After a charge of $7.0 million associated with finalizing the termination of our molecular distribution agreements. This compares to GAAP net income of $3.5 million, or $0.08 per diluted share in the first quarter of 2012 (see the reconciliation of GAAP to non-GAAP set forth on page 7)
• Received FDA clearance for the xTAG Gastrointestinal Pathogen Panel (xMAP® GPP™) on the LX200 system in January and on the MAGPIX system in April
• Signed a collaboration and license agreement with Merck (NYSE: MRK) to develop a companion diagnostic that will help screen patients into Merck's lead investigational candidate drug study for Alzheimer's disease (AD)
"Our royalty revenue grew 23% while our total cumulative shipments of multiplexing analyzers expanded to almost 10,000 units, or 11% over the year ago period, both of which indicate the strong ongoing demand for our proprietary technology," said Patrick J. Balthrop, president and chief executive officer of Luminex.
"Furthermore, the company's successful transition to a direct molecular diagnostic sales force, effective January 1, 2013, was an important step in our ability to directly control the growth of our assay revenues going forward. We now have direct coverage of our molecular diagnostic products in the U.S. and major markets internationally. The customer response has been very positive," added Balthrop.
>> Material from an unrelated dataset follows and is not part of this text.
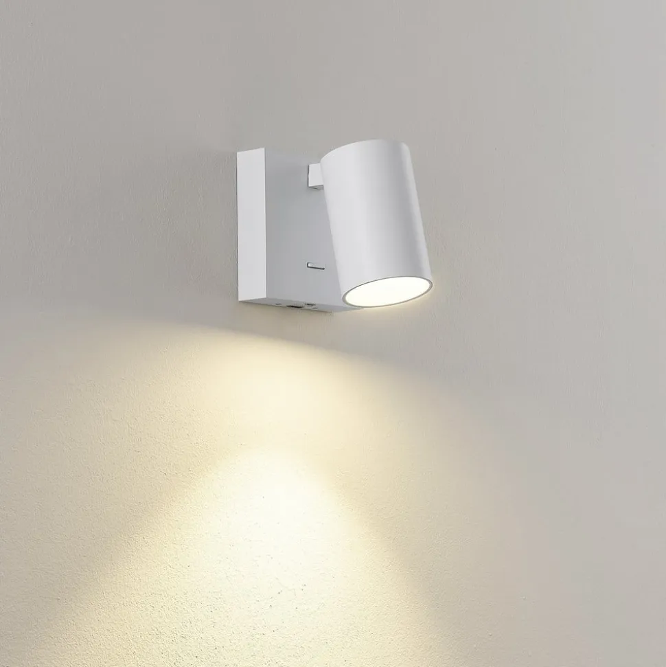 CAN TILT vægspot, hvid, 10 x 10 cm, metal, kontakt, USB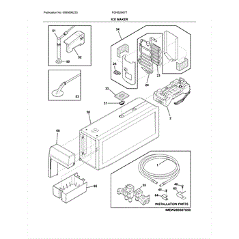 The Ice Maker Assembly is an OEM part for Frigidaire refrigerators. It is responsible for automatically producing batches of ice through a process of freezing water into cube form. The ice maker works in conjunction with the refrigerator's freezer compartment and water supply line to perform its ice production function.

"In other strategic initiatives, we continue to make good progress with our unique sample to answer system, called Project ARIES, which we will be demonstrating to key opinion leaders at the upcoming Clinical Virology Symposium in Florida.
"We continue to be pleased with the expansion of our product offerings in infectious disease and genetic testing, particularly with the recent FDA clearance of GPP running on MAGPIX, our lower cost multiplexing analyzer. With new assays like GPP and the exciting portfolio from Luminex Madison, we are positioned for continued growth," Balthrop concluded.
"We are pleased with the overall financial performance in the first quarter of 2013, as Luminex transitions to a direct molecular diagnostic sales force and invests in exciting strategic programs, like Project ARIES," said Harriss T. Currie, senior vice president and chief financial officer.
Currie continued, "As reviewed previously, operating expenses for the current quarter included a $7.0 million charge attributable to finalizing the termination of our molecular diagnostic distribution arrangements. If you exclude this charge, operating margin for the first quarter would be 10%. Investment in our new Project Aries system was robust during the quarter and added just over $3 million to R&D expenses for our ARP segment during the period."